一度だけ

本年度、当山報恩講法要は、去る5日に無事にお勤めすることが出来ました。ご協力をいただいた役員、婦人会の皆さま、ご参拝をいただいた皆さまに篤く御礼を申し上げます。コロナ禍以来、取りやめていた多くのご法中をお招きしてのお勤めとお斎を再開し、久しぶりに賑やかな法要となりました。昨年帰国した姉、現在東京在住である娘と息子も揃い、我が家も三世代勢ぞろいでお参り出来たことは大きな喜びとなりました。

滅多にないことは、特別な感じが増すものです。

少し前のことになりすが、前住職(父)と二人連れで谷川岳に行ってきました。

このところ足の悪くなった父に、車内から紅葉が眺められれば良いだろうと向かったのですが、到着したら「ロープウェイに乗る」と言いだして・・・

ロープウェイが足の不自由な人にも優しいフラットな作りであったことも幸いし、手を添えながら、なんとか頂上まで行くことが出来ました。

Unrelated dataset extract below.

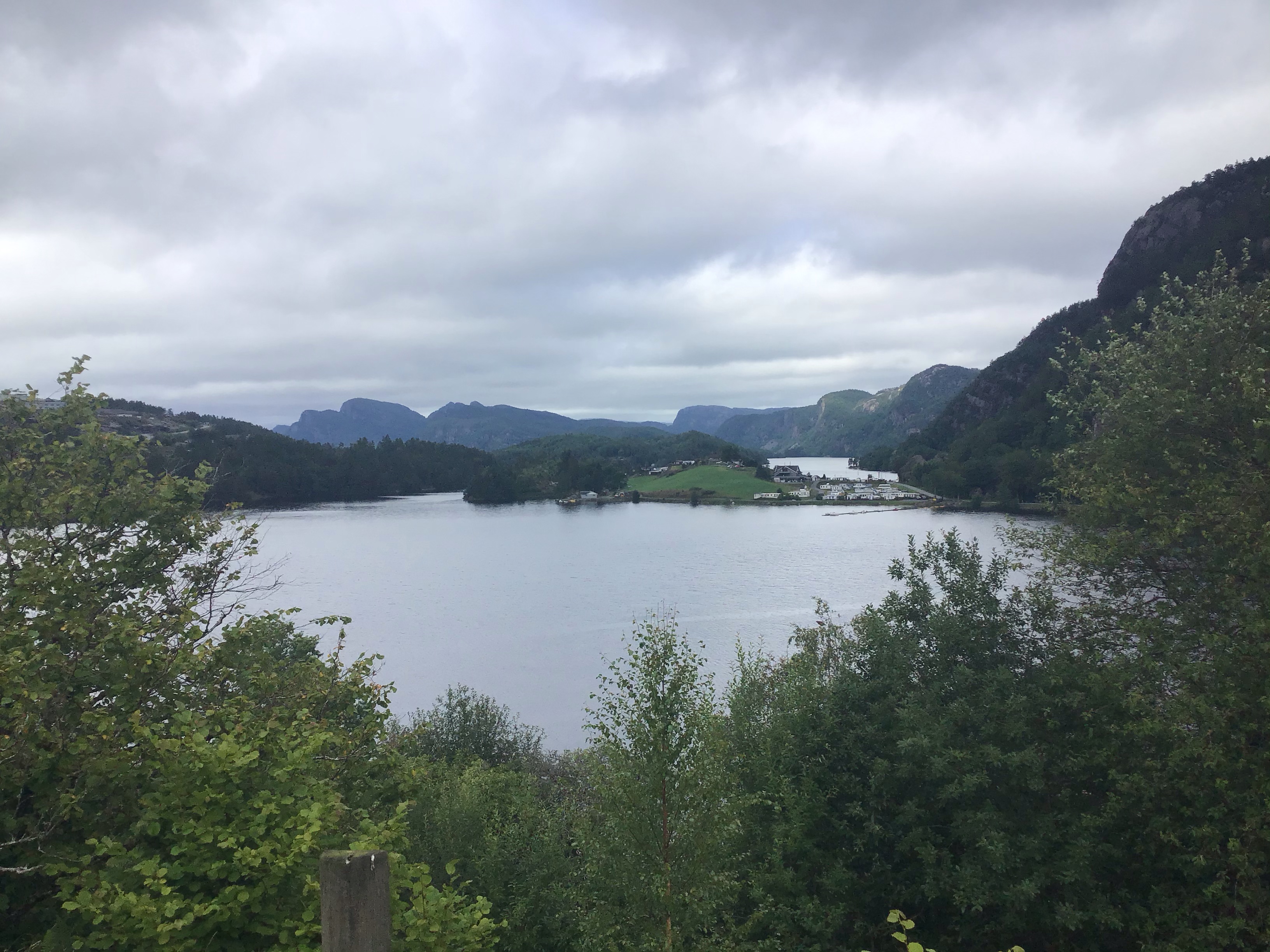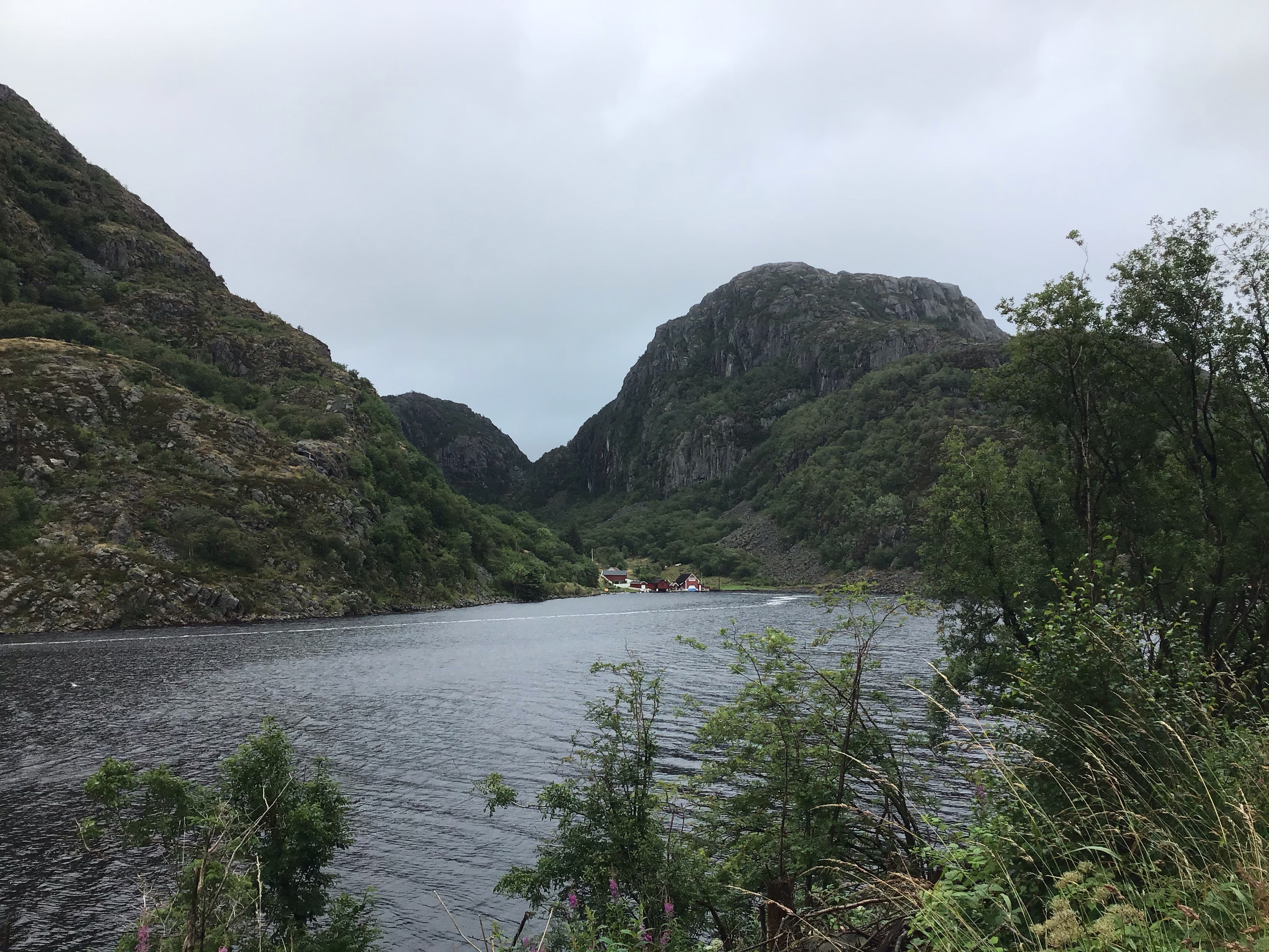 Puis je prends à droite plein nord pour rejoindre Knivesdal tout au fond d’un fjord. Évidemment il faut traverser à nouveau des montagnes, longer des fjords ou des lacs. Mais, malgré la météo, que ces paysages sont grandioses !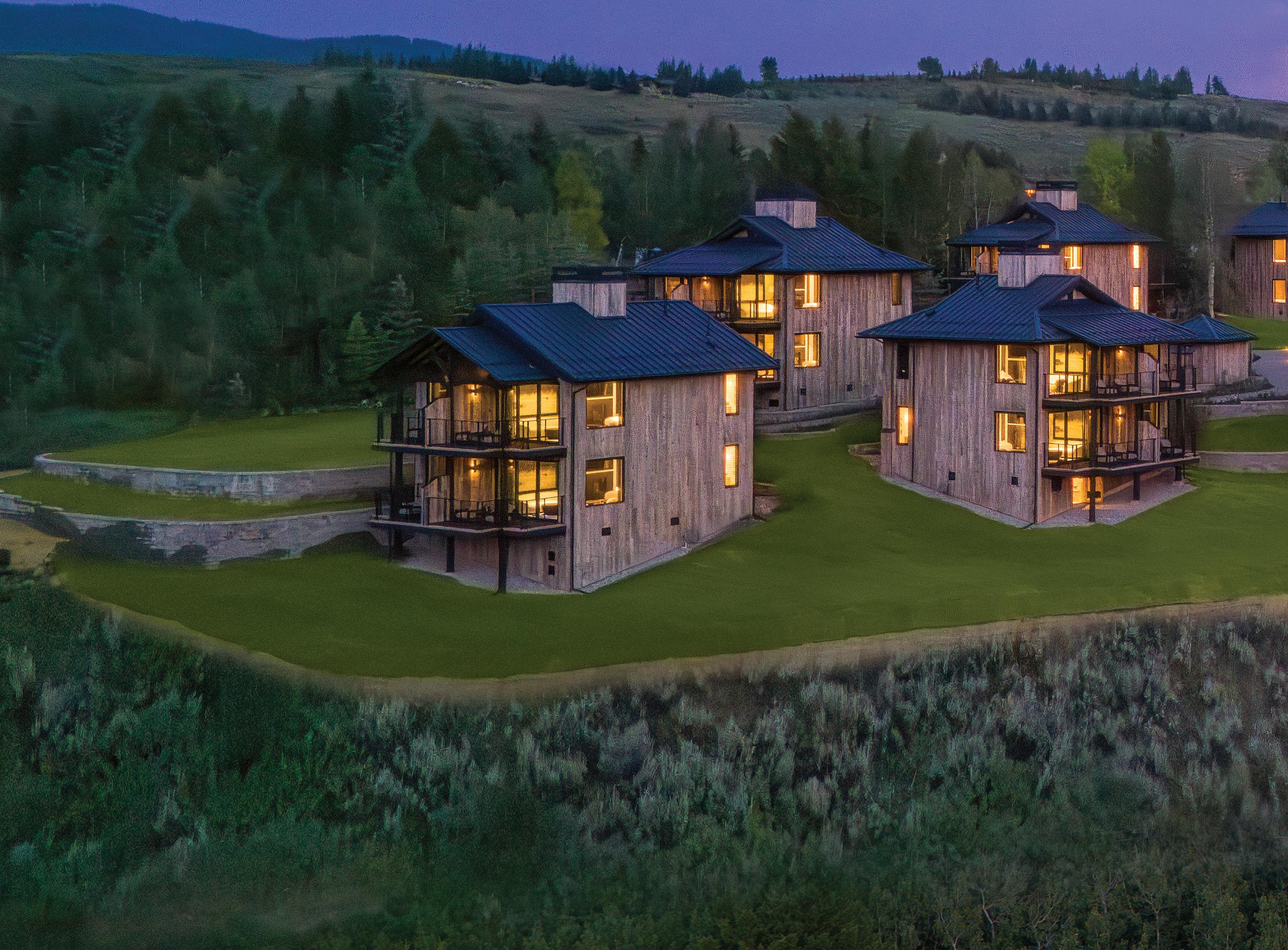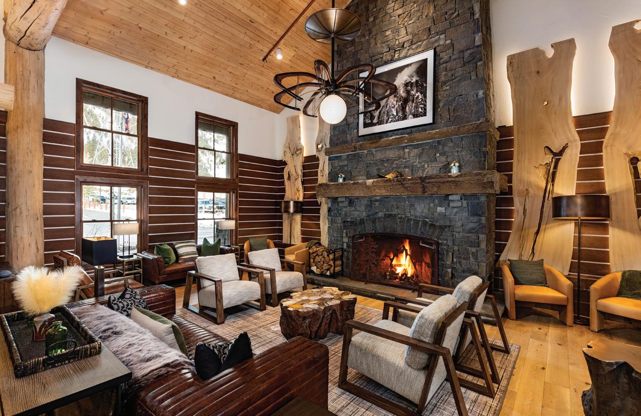 Rugged natural materials such as dark wood, timber beams, and large stone-faced fireplaces, which anchor multiple cozy seating areas with plush couches and throw blankets, are juxtaposed with custom chandeliers, blackened steel, and antique brass accents, and expansive windows that frame the natural beauty of the surrounding mountain landscape. The rustic alpine-style design continues in the guestrooms ranging in size from 350 to 1,580 square feet. Common among them is a stone-faced gas fireplace and built-in boot dryer, and most boast a fully equipped kitchen with a separate dining area. Spacious bathrooms offer a jetted tub or a double-headed rain shower.

頂上から二人で美しい景色を眺めながら、「あぁ、父とこの景色を眺めるのは、きっとこれが最後だな」と思ったことでした。

 

しかし、ふと、以前、築地本願寺の掲示板に「米寿もニ十歳も一度だけ 人生初事ばかりなり」とあったのを思い出しました。旅行や記念日、特別なことがあるなしに関わらず、この今、この瞬間は一度だけ。一度だけであるなら、実は毎日が、今が、いつだって最後で特別。その滅多にない特別をきちんと味わい、大切に、感謝の日々を送ってまいりたいと思いました。